# EXERCISE GOAL
Your task is to retype, exactly and only, the lines from the one containing "BEATING THE CHARGE" to the final line of the entries, leaving out all pictures.

====== RECORDED INFORMATION ======

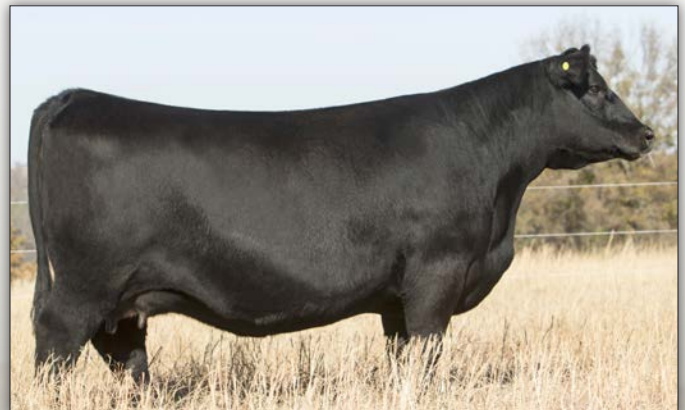
Long Lucy 909 // Dam of Stellpflug Bighorn

Aside from his genetic strengths, BIGHORN is a true standout due to impressive individual qualities and pedigree. He weaned off at over 800 lbs. and had an adjusted yearling weight of 1,510 lbs. With all that power and performance, BIGHORN maintains an impressive skeleton with extra base width and accurate alignment that results in a massive, easy moving, level designed individual with a herd bull look.
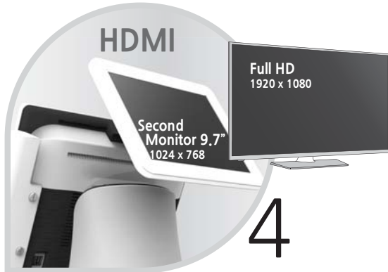
4 · Second Monitor (9.7", optional) · Full HD(1920x1080) Monitor(TV) connection support.
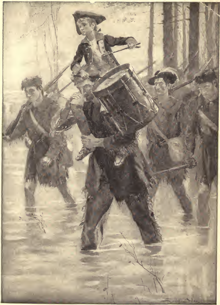
“ BEATING THE CHARGE WITH ALL MY MIGHT.”
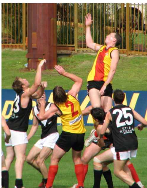
North Beach v Wembley A Grade Grand Final
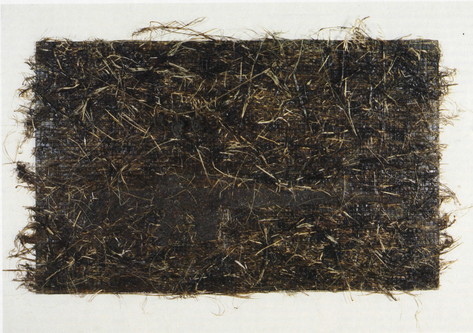
ROCK 'N ROLL, MARY JANE, AND LOVE BEADS Wire/Wood/Encaustic/Tar/Grass, 35" x 59", 1986
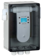
Industrial Enclosure HH ENC

======

# RESULT
“ BEATING THE CHARGE WITH ALL MY MIGHT.”
North Beach v Wembley A Grade Grand Final
ROCK 'N ROLL, MARY JANE, AND LOVE BEADS Wire/Wood/Encaustic/Tar/Grass, 35" x 59", 1986
Industrial Enclosure HH ENC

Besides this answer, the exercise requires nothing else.